• **The task**: Please give all of the data again, character for character, and drop the pictures.

···

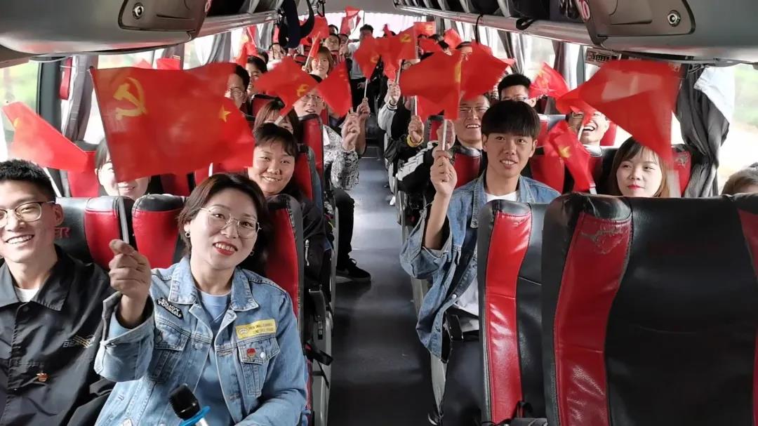 在车上的时候,支部书记郭老师组织大家一起合唱。感情激昂,气氛欢快,同志们手里的小红旗也挥动了起来。展现了我们这代青年人的青春朝气。
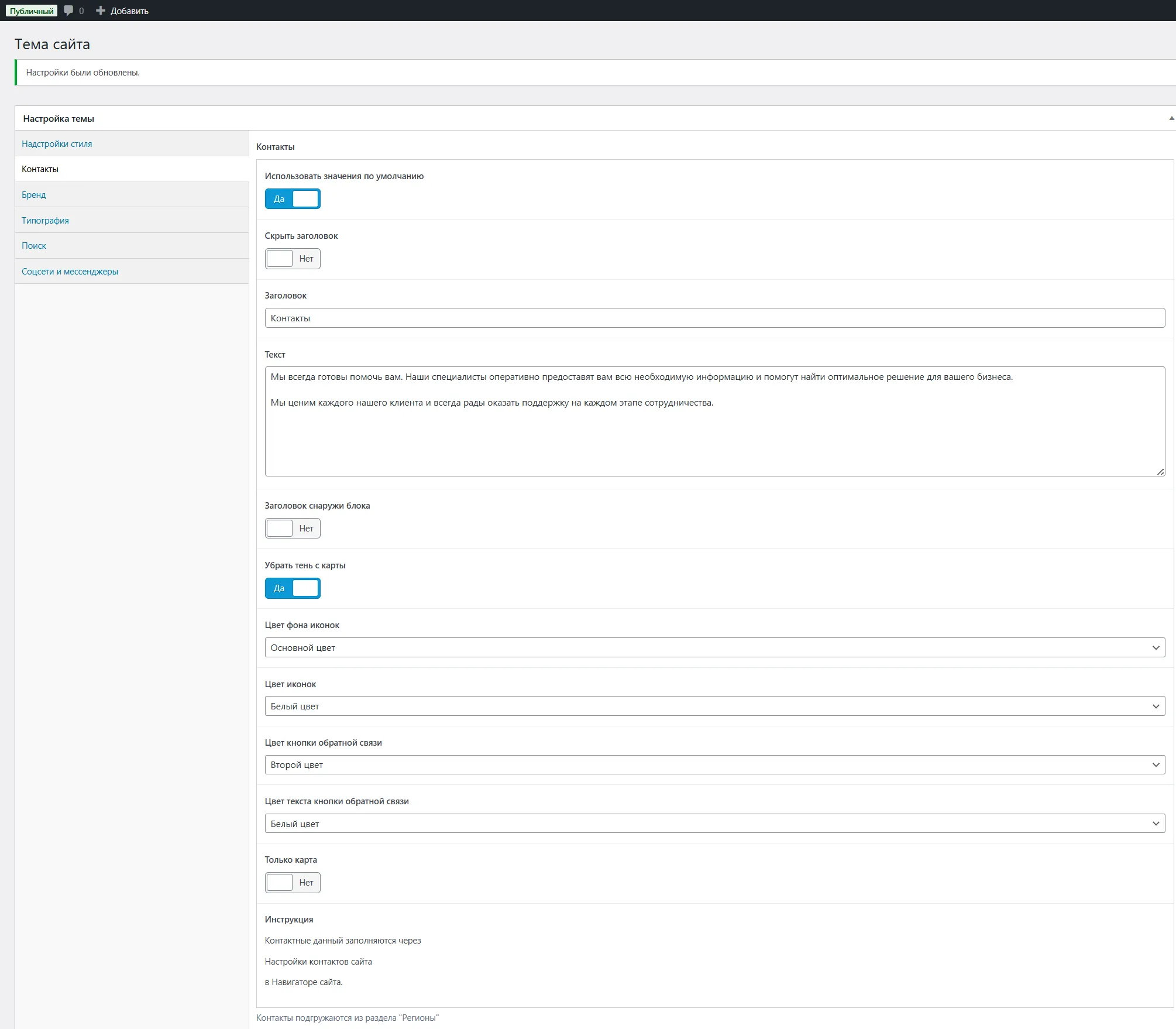 Содержит контентные и визуальные настройки для одноименной страницы. ВАЖНО! Саму информациу со страницы - телефоны, адреса, почты и тд можно вносить и изменять в разделе Регионы, подробнее тут.
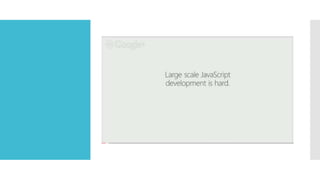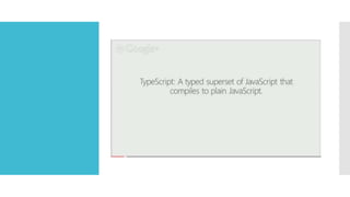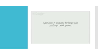 TypeScript is a superset of JavaScript that adds static typing and classes to address the problem of writing large applications in JavaScript. It allows for intelligent IDE features like autocompletion and refactoring by adding types that are removed during compilation, ultimately producing plain JavaScript code. TypeScript aims to make large scale JavaScript development easier with types and tooling while still targeting the JavaScript that browsers understand.
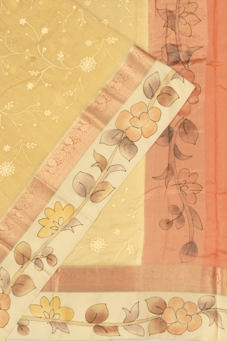 Chanderi Cotton Embroidery Jaal Yellow Saree With Handpainted Border
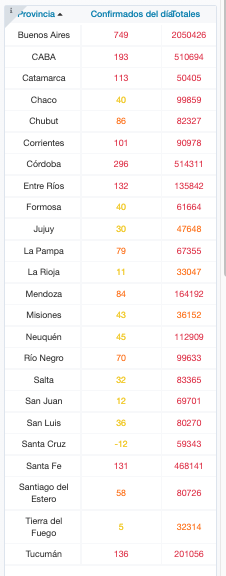 El total de acumulados por distrito indica que la provincia de Buenos Aires suma 2.050.426 casos; la Ciudad de Buenos Aires, 510.694; Catamarca, 50.405; Chaco, 99.859; Chubut, 82.327; Corrientes, 90.978; Córdoba, 514.311; Entre Ríos, 135.842; Formosa, 61.664; Jujuy, 47.648; La Pampa, 67.355; La Rioja, 33.047; Mendoza, 164.192; Misiones, 36.152; Neuquén, 112.909; Río Negro, 99.633; Salta, 83.365; San Juan, 69.701; San Luis, 80.270; Santa Cruz, 59.343; Santa Fe, 468.141; Santiago del Estero, 80.726; Tierra del Fuego, 32.314; y Tucumán, 201.056.
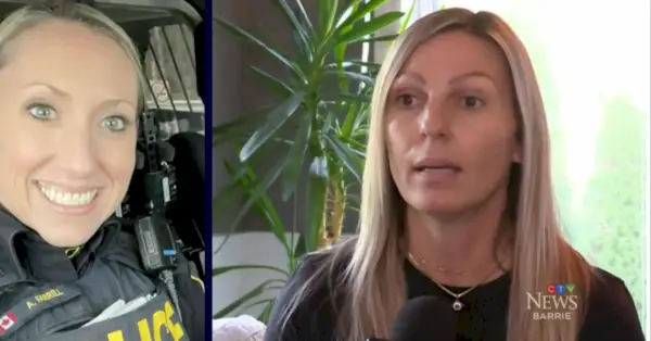 Til venstre: Ontario Provincial Police Const. Amanda Farrell. Til høyre: Chantelle Stamcos. (Bilder via screengrab/CTV News.)
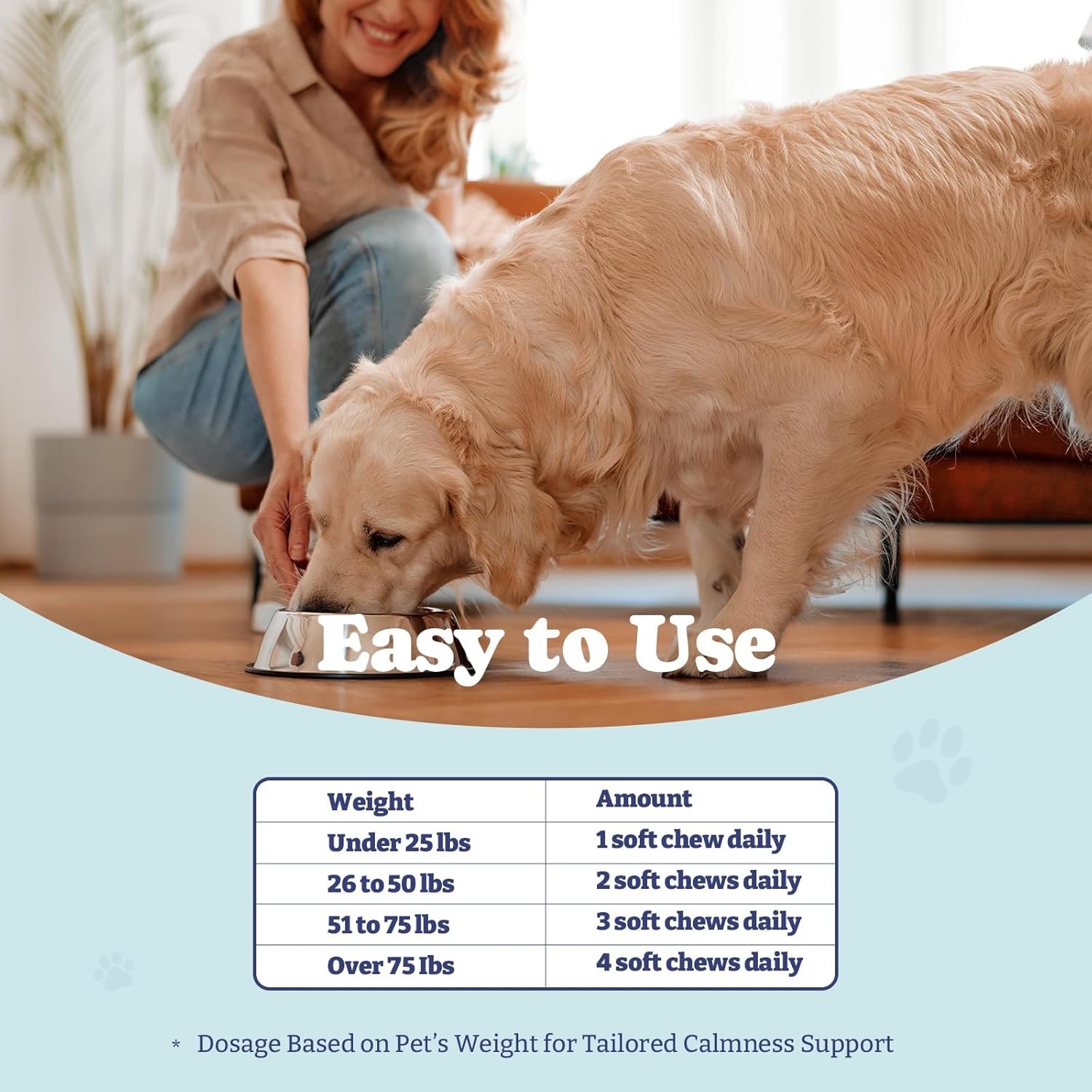 EASY TO USE: Dog calming chews are easy to use and can be given to dogs as a daily treat or as needed. They are suitable for dogs of all ages and sizes and can be used with other calming supplements or medications.

···

• **Answer to the problem**:
 在车上的时候,支部书记郭老师组织大家一起合唱。感情激昂,气氛欢快,同志们手里的小红旗也挥动了起来。展现了我们这代青年人的青春朝气。
 Содержит контентные и визуальные настройки для одноименной страницы. ВАЖНО! Саму информациу со страницы - телефоны, адреса, почты и тд можно вносить и изменять в разделе Регионы, подробнее тут.
 TypeScript is a superset of JavaScript that adds static typing and classes to address the problem of writing large applications in JavaScript. It allows for intelligent IDE features like autocompletion and refactoring by adding types that are removed during compilation, ultimately producing plain JavaScript code. TypeScript aims to make large scale JavaScript development easier with types and tooling while still targeting the JavaScript that browsers understand.
 Chanderi Cotton Embroidery Jaal Yellow Saree With Handpainted Border
 El total de acumulados por distrito indica que la provincia de Buenos Aires suma 2.050.426 casos; la Ciudad de Buenos Aires, 510.694; Catamarca, 50.405; Chaco, 99.859; Chubut, 82.327; Corrientes, 90.978; Córdoba, 514.311; Entre Ríos, 135.842; Formosa, 61.664; Jujuy, 47.648; La Pampa, 67.355; La Rioja, 33.047; Mendoza, 164.192; Misiones, 36.152; Neuquén, 112.909; Río Negro, 99.633; Salta, 83.365; San Juan, 69.701; San Luis, 80.270; Santa Cruz, 59.343; Santa Fe, 468.141; Santiago del Estero, 80.726; Tierra del Fuego, 32.314; y Tucumán, 201.056.
 Til venstre: Ontario Provincial Police Const. Amanda Farrell. Til høyre: Chantelle Stamcos. (Bilder via screengrab/CTV News.)
 EASY TO USE: Dog calming chews are easy to use and can be given to dogs as a daily treat or as needed. They are suitable for dogs of all ages and sizes and can be used with other calming supplements or medications.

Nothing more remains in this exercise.